Lloyd’s has unveiled a systemic risk scenario that models the potential worldwide economic fallout resulting from extreme weather events leading to food and water shocks. The estimated loss over a five-year span, as per the model, stands at a staggering $5 trillion.
This scenario delves into a hypothetical yet plausible uptick in extreme weather events, intimately tied to the climate change narrative, that could trigger crop failures in vital agricultural regions, subsequently causing severe global shortages of food and water. As the scenario unfolds, it paints a grim picture of widespread disruption, damage, and substantial economic losses. This, in turn, could spark profound shifts in geopolitical alignments and consumer behaviours.
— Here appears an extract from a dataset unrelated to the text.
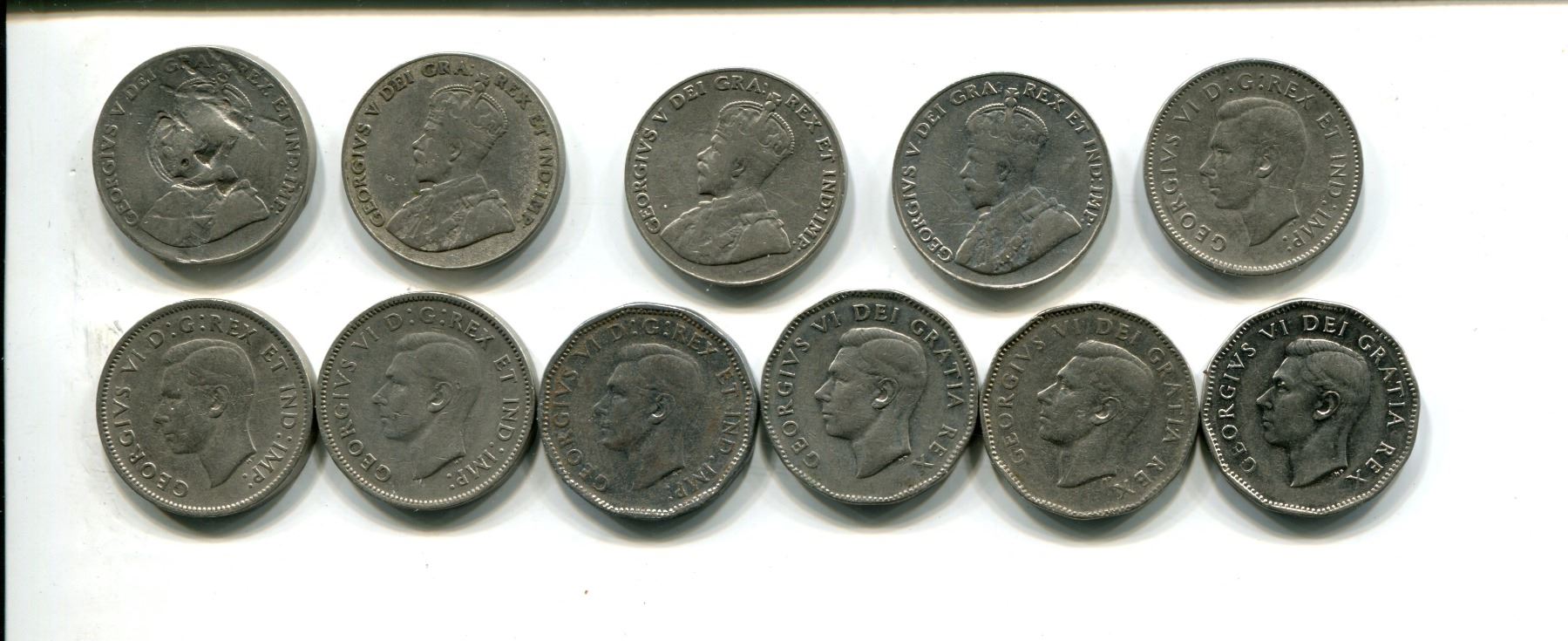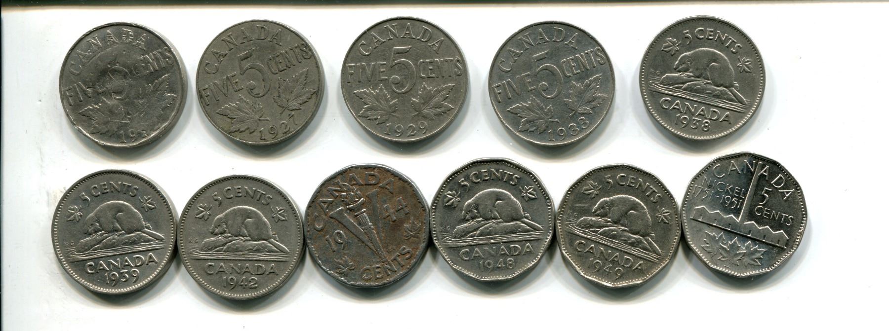 Lot of 11 Canadian nickels 1922, 1927, 29, 33, 38, 39, 42, 44, 48, 49, 51

This research is the inaugural instalment in a series of nine systemic risk scenarios and has been meticulously crafted by Lloyd’s Futureset in collaboration with the Cambridge Centre for Risk Studies. Its objective is to empower risk owners with a profound understanding of their exposure to critical threats, such as extreme weather, while highlighting the pivotal role of risk mitigation and insurance protection in bolstering resilience.
The initiative is supported by an innovative data tool providing businesses, governments, and insurers with a data-driven financial impact assessment of the most critical global threats confronting society today. It considers the gross domestic product (GDP) impact of extreme events across 107 countries, categorised by three levels of severity: major, severe, and extreme.
In addition to the global outlook, the data tool features regional analyses, shedding light on potential economic losses in case events are regionally concentrated. The recovery period for individual countries or regions is contingent on their economic structure, exposure levels, and overall resilience.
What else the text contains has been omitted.